SVN dump files are created via the svnadmin dump or svnrdump dump commands, and contain all the history of an SVN repository.

Example command for dumping a random Sourceforce project:

svnrdump dump https://svn.code.sf.net/p/barbecue/code > barbecue.dump

This will create a file named barbecue.dump which follows the SVN dump file format. The SVN dump file format is a "serialized description of the actions required to (re)build a version history" (see original docs).

An SVN dump file contains a list of revisions (see Revision), and each revision contains a list of nodes (see Node).

Revisions can have properties such as author, date, and commit message. Nodes can have properties too, which are maintained on a node by node basis.

Related Work

I'm not the first one to have this idea. Here are some links:

Model

SVNDumpFileParser

The SvnDumpFileParser is an auto-generated parser for SVN dump files (files created with svnadmin dump). It will parse SVN dump files into a Repository object. The Repository representation is meant to be very light-weight and does minimal validation.

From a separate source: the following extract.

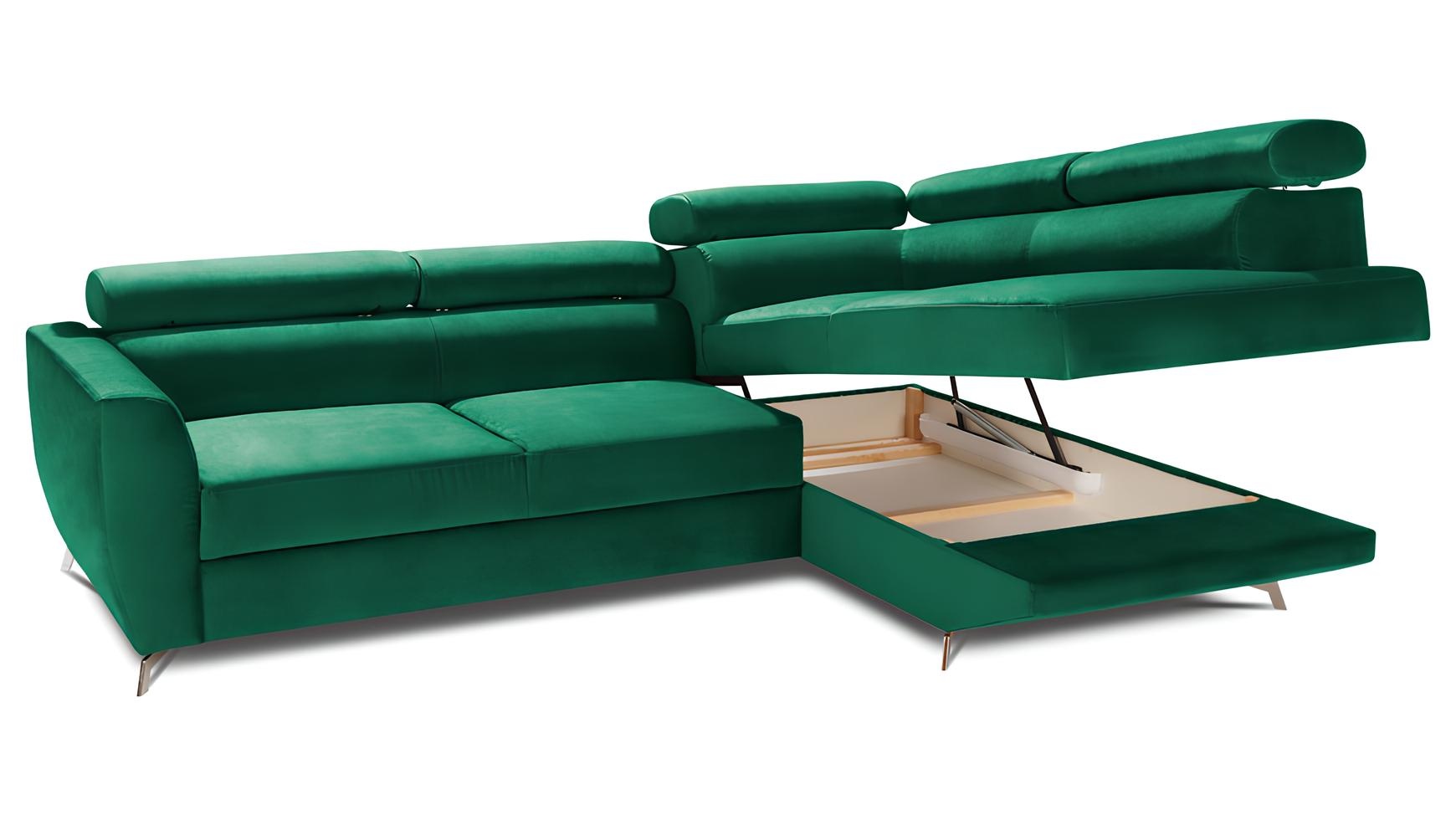 Stūra dīvāns ar uzglabāšanas vietu un gultas funkciju ir izsmalcināts risinājums, kas apvieno eleganci un funkcionalitāti. Tā zaļais audums piešķir telpai dzīvīgumu un harmoniju, savukārt izsmalcinātais dizains izceļ jūsu interjera estetiku. Dīvāns ir ne tikai estētiski pievilcīgs, bet arī praktisks, nodrošinot plašu uzglabāšanas iespēju un vieglu pārvēršanu par gultu, radot komfortu un viesmīlību. Šis dīvāns ir ideāls izvēle, lai veidotu ekskluzīvu atmosfēru jūsu mājās. Izvēloties šo unikālo gabalu, jūs iegūstat ne tikai mēbeli, bet arī greznības simbolu, kas atspoguļo jūsu izsmalcināto dzīvesstilu.

The parser is auto-generated using JavaCC (Java Compiler Compiler) from the svndump.jj gramar file. This grammar generates a parser that is dependenent on the Java interfaces and classes in this project.

Repository Summary

To get an svn log-like summary of your dump file, you can use the RepositorySummary (sample output here).

Consumers

A RepositoryConsumer consumes the various pieces of a Repository. Specializations of a consumer are:

Consumers (and therefore any of its specializations) can be chained together to achieve complex operations on SVN dump files using the continueTo(RepositoryConsumer) method.

Mutators

The API allows for changing of an SVN dump file via RepositoryMutator implementations.

Some useful mutators are:

  • ClearRevision - empties a revision (removes all changes, revision is preserved so that references to revision numbers still work)
  • PathChange - updates file/dir paths
  • NodeRemove - removes an individual file change from a revision
  • NodeAdd - add some newly crafted change to a specific revision
  • NodeHeaderChange - change a specific property on an existing SvnNode

To apply multiple mutators in sequence, you can chain them together, using RepositoryConsumer.continueTo(RepositoryConsumer).

Validators

When you start messing with your SVN history via the mutators, you can be left with an SVN dump file that cannot be imported back into an SVN repository. To make changing SVN history easier the API has the concept of a RepositoryValidator.

Validation is done while the data is in memory, which is much faster than running it through svnadmin load.

Some useful validators:

  • PathCollisionValidator - checks that file operations are valid (don't delete non-existent files, don't double add files, check that files exist when making copies)

Usage

Command Line Interface

The bin/run-java shell script will run the CliConsumer.
The current usage pattern is to modify the CliConsumer and create your chain programmatically, then do:

mvn clean install dependency:copy-dependencies
cat file.dump | ./bin/run-java > output.dump

or, if your repository is too large for a single file:

mvn clean install dependency:copy-dependencies
svnadmin create /path/to/newrepo
svnadmin dump /path/to/repo | ./bin/run-java | svnadmin load -q /path/to/newrepo

Example: AgreementMaker

To see how all these pieces fit together to allow you to edit SVN history, you can look at a SVN repository cleanup that I did for the AgreementMaker project. All the operations to the SVN dump file are detailed in this test.

Reading an SVN dump file

Parsing an SVN dump file is straight forward. Here's an example that uses a single consumer (writes the SVN dump to STD OUT):

RepositoryInMemory inMemory = new RepositoryInMemory();
InputStream is = new FileInputStream("svn.dump");
SvnDumpFileParser.consume(is, inMemory);

Repository svnRepository = inMemory.getRepo();

See SvnDumpFileParserTest for usage patterns of the parser.

Developing

Coverage Report

To get a JaCoCo coverage report, run the following:

mvn clean test jacoco:report

The coverage report output will be in HTML format in target/site/jacoco/index.html.